February 20, 2017 — Links International Journal of Socialist Renewal reposted from Viewpoint MagazineWhen women in Argentina, and across Latin America, decided to go on strike on October 19, 2016, the mobilization surpassed all expectations. Organized in only a matter of days, the call resonated across Latin America and hundreds of thousands of women across the continent went on strike, marched, and protested. The strike was an immediate response to the brutal rape and murder of sixteen year old Lucía Perez in Mar del Plata as well as a series of other femicides and violent repression at the National Women’s Meeting in Rosario.

With the slogans “not one less” and “we want ourselves alive,” they were striking not only for an end to violence against women, but also to highlight the connection between this violence and the economic violence of the devaluing of women’s labor. This insistence on the relationship between male violence and the devaluing of women’s labor was one of the strike’s central messages and organizing principles.

The strike thus served to make women’s labor visible: formal labor and informal labor, paid and unpaid, reproductive labor, emotional labor. Women not only walked out of their workplaces to march, but they also refused to cook, to clean, to take care of children, to smile, to care. No longer only seeing themselves as victims of male violence and patriarchal institutions, women were able to witness their immense political and economic power. And this power was not left at the march, but taken home, taken to work the next day, carried with them in the street, in women renegotiating the division of household labor, calling out sexism at home and at work, leaving abusive relationships, and solidifying networks of care and support among women.

The strike drew a clear connection between male violence and the restrictions to women’s economic and bodily autonomy.
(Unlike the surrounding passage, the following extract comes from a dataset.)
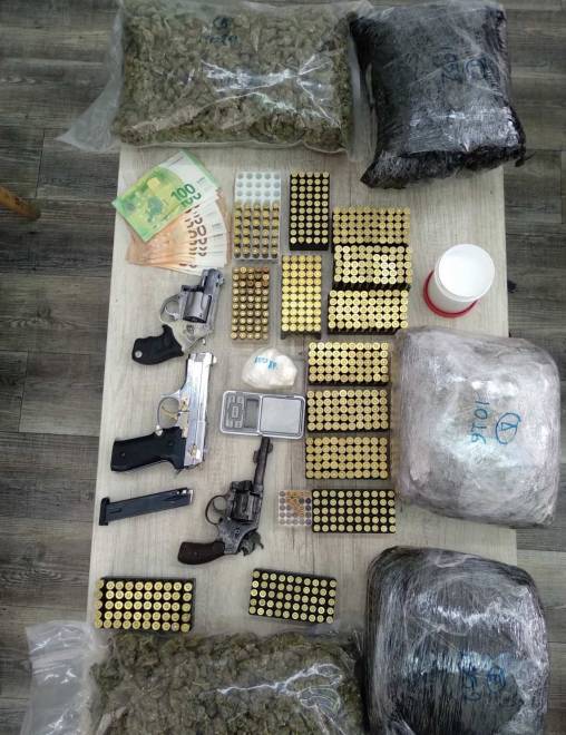Μετά από επιχείρηση του Τμήματος Δίωξης Ναρκωτικών της Ασφάλειας Πατρών, στην κατοχή τους βρέθηκαν 5 κιλά χασίς, 100 γραμμάρια κοκαΐνη, 2 περίστροφα και ένα πιστόλι ρέπλικα, 640 φυσίγγια και περίπου 200 γραμμάρια σκόνη νοθείας ουσιών.

The call for the strike emphasized how women’s economic insecurity also makes them more vulnerable to male violence, how poor women are the ones who cannot access safe and legal abortion and thus suffer the most from its criminalization, how neoliberal restructuring leaves women with more of the burden for social reproduction. While still calling for legislative reforms and more funding for government programming addressing violence and poverty, the strike also made it clear that these women were not going to wait for the state to solve their problems.  

In calling the October strike, these Argentinean women were also leading the way in the struggle against President Maurico Macri’s neoconservative policies. For months, the union leadership had negotiated away workers' rights and wages, avoiding a more confrontational strategy. It was thus the Argentine women who called what came to be the first general strike against Macri and one of the largest instances of opposition to this his government. Along with the focus on male violence, the strike protested price hikes to utilities and public transportation, the defunding of schools, cuts to health care and other social services, demonstrating how women are particularly affected by these policies.
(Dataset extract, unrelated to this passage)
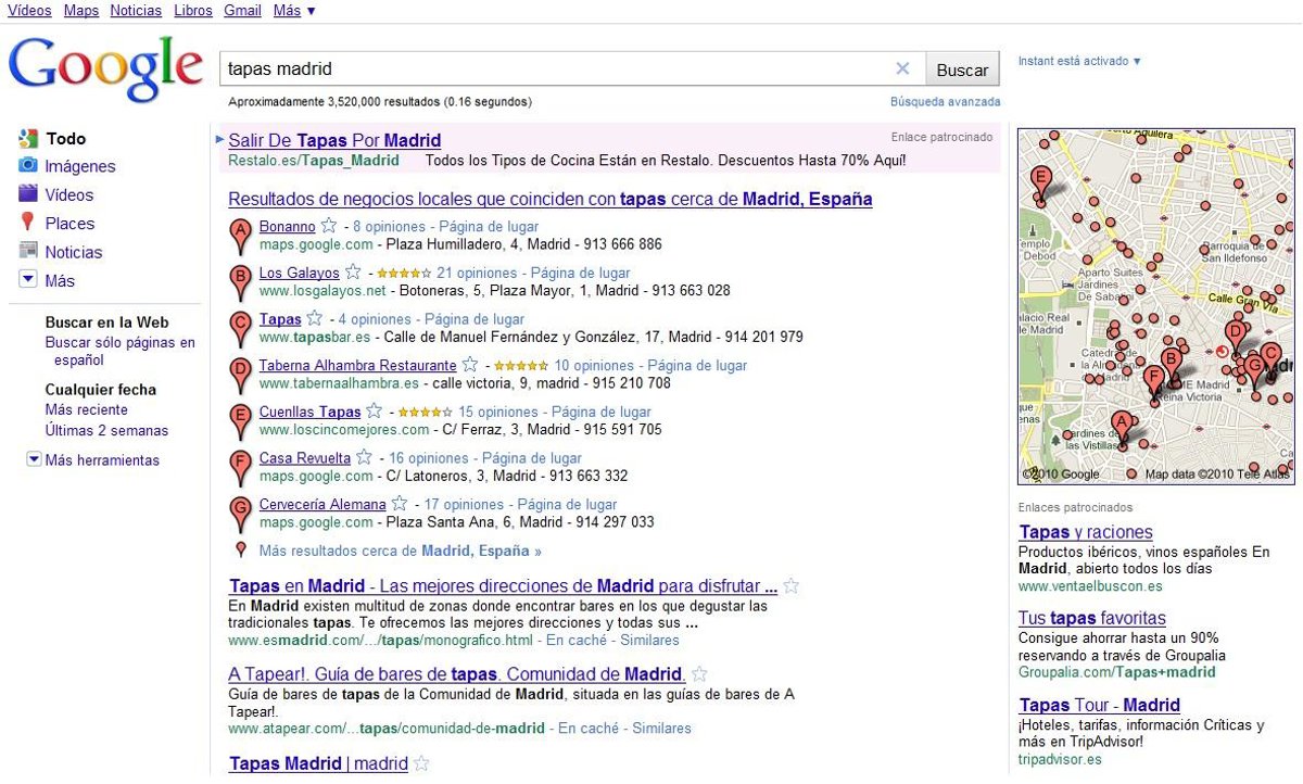 Los resultados de la Búsqueda de lugares aparecen automáticamente en Google cuando se detecta que se está buscando información local pero además, aparece un nuevo enlace, 'Lugares', en la parte izquierda de la página de resultados de búsqueda, para que se pueda acceder a este tipo de resultados en cualquier momento.

October 19 was not the only day that women went on strike on that month. Women in Poland had carried out a strike on October 3 to protest the introduction of new anti-abortion legislation. In both cases, women in neighboring countries picked up the call and, in many cases, decided to organize strikes in solidarity that also drew attention to local women’s struggles. It was out of these recent struggles that the call originated for an international women’s strike on International Women’s Day.

Violence & Women’s Work

While women, as the history of International Women’s Day shows, have always struggled in relation to waged work and also participated in militant labor struggles with men, the women’s strike as a particular tool is powerful because it explicitly highlights the heterogeneity and the extent of women’s labor, especially reproductive labor. The wave of women’s strikes around the world in the last year has not primarily focused on issues related to employment, but has used the tactic of the strike to protest male violence and attacks on reproductive rights. The strikes have also brought the issue of the relationship between violence and economic exploitation to the forefront.
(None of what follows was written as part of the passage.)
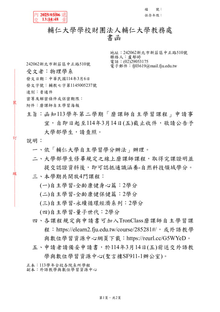 函知113學年第二學期「磨課師自主學習課程」申請事宜,自即日起至114年3月14日(五)截止收件,敬請公告予大學部學生,請查照。2025-03-10 /wp-content/uploads/2024/03/1234-1.png 0 0 013859 /wp-content/uploads/2024/03/1234-1.png 0138592025-03-10 10:11:502025-03-10 10:11:50函知113學年第二學期「磨課師自主學習課程」申請事宜,自即日起至114年3月14日(五)截止收件,敬請公告予大學部學生,請查照。

On October 19, Argentine women announced they were striking because:

Economic variables continue reproducing male violence: because our work days are two hours longer than men’s, because care and reproductive falls on our shoulders and is not valued in the labor market. Because unemployment is two points higher for women, because the pay gap averages 27%. That is, for equal work, women earn much less than our male comrades. In a context of structural adjustment, of tariff hikes, increasing poverty and a shrinking state as the Alianza Cambiemos government proposes, women get the worst part: poverty has a feminine face and it restricts our freedom to say no when we are inside the cycle of violence.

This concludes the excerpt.